You also need to remember that DeFi is a very new concept, and with newness comes volatility and risk. Cryptocurrency has its own volatility and can shoot like a rocket or drop like a stone at a tweet from Elon Musk. With DeFi so linked to the crypto world and being so new, it’s not too far off to imagine that it can be very unpredictable.
What’s the Difference Between DeFi vs Traditional Finance?
Here are some key differences between DeFi and traditional (centralized) finance:
- In DeFi, all financial services are available to you, whereas in traditional finance you need to qualify and be approved for many services (even a bank account).
- In DeFi, transferring funds is instantaneous, whereas in traditional finance a transfer can take days if not longer.
- In DeFi, you hold and control your funds, whereas in traditional finance they’re held by a bank or a company and can be used in ways they see fit.
- In DeFi, markets are open 24/7. In traditional finance, markets have opening and closing times.
- In DeFI, you have a certain degree of anonymity, whereas in traditional finance your identity is tied to every financial transaction.
- In DeFi, products are transparent and can be inspected, whereas in traditional finance you can’t really inspect anyone’s “secret sauce”.
- In DeFi, you can conduct a transaction with anyone who accepts your terms. In traditional finance, you’re usually limited by banks and corporations who set their own terms.
- DeFi is unregulated, while traditional finance is.
- DeFi cuts out the middleman, whereas traditional finance usually involves multiple third parties.
What Can You Do with DeFi?
Since DeFi is open source – meaning the programming code is public and available – anyone can program an application to be used in DeFi, just like someone can program an app for a mobile phone. These are called “decentralized apps”, or “dApps”. These dApps enable you to do different things in DeFi and different ways to profit from DeFi.
By now, you’re probably asking yourself how you can make money with DeFi. Here are some ways you can do that:
- Store money in digital wallets with higher interest rates
- Send or receive money anywhere in the world, instantly
- Borrow or lend money peer-to-peer
- Crowdfunding
- Trade cryptocurrencies
- Trade tokenized stocks, NFTs, funds, and other financial assets
- Buy insurance
Final Thoughts
DeFi is still in its early stages, so there’s a lot that’s still unknown. But one thing we do know is that DeFi offers a bright financial future given its almost unlimited possibilities, accessibility, and independence.
However, a lot of the downsides listed above need to be worked out before DeFi becomes mainstream and a viable alternative to traditional finance.
Also, generally, governments hate to be kept out of anything, especially if it involves money. It’s why there’s increased talk of regulating cryptocurrencies, which some countries are already doing. Some countries, like China, have gone so far as to ban cryptocurrencies completely. So, it’s only a matter of time until governments and official bodies try to get their fingers in this pie, which could change the market landscape significantly.
FAQs
How do you make money with DeFi?
There are many ways to make money with DeFi, such as trading cryptocurrencies, tokenized stocks, NFTs or other financial assets, borrowing or lending money and crowdfunding.
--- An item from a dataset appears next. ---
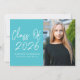 Celebrate your graduate’s achievement with these modern graduation party invitations featuring "Class of 2025" in a stylish white handwritten script on a vibrant turquoise background. Customize the front with the graduate’s name, school name, and a vertical senior photo for a personal touch. The back of the invite highlights all the essential party details in crisp white lettering on a coordinating turquoise background. Perfect for high school and college graduates, these trendy and elegant invitations set the tone for an unforgettable graduation celebration.

How much money is locked in DeFi?
DeFi’s total value locked (TVL) is estimated to be over $240 billion.
How big is DeFi?
The DeFi market’s total value locked is over $240 billion, and DeFi currently accounts for almost the entire cryptocurrency market in terms of price changes.
Is DeFi a company?
No, DeFi is more like a “universe” in which companies can operate.
Is DeFi an Ethereum?
No, DeFi is powered by Ethereum’s blockchain technology.
Does DeFi grow?
DeFi is a fast-growing industry, having grown an estimated 335% in just two years.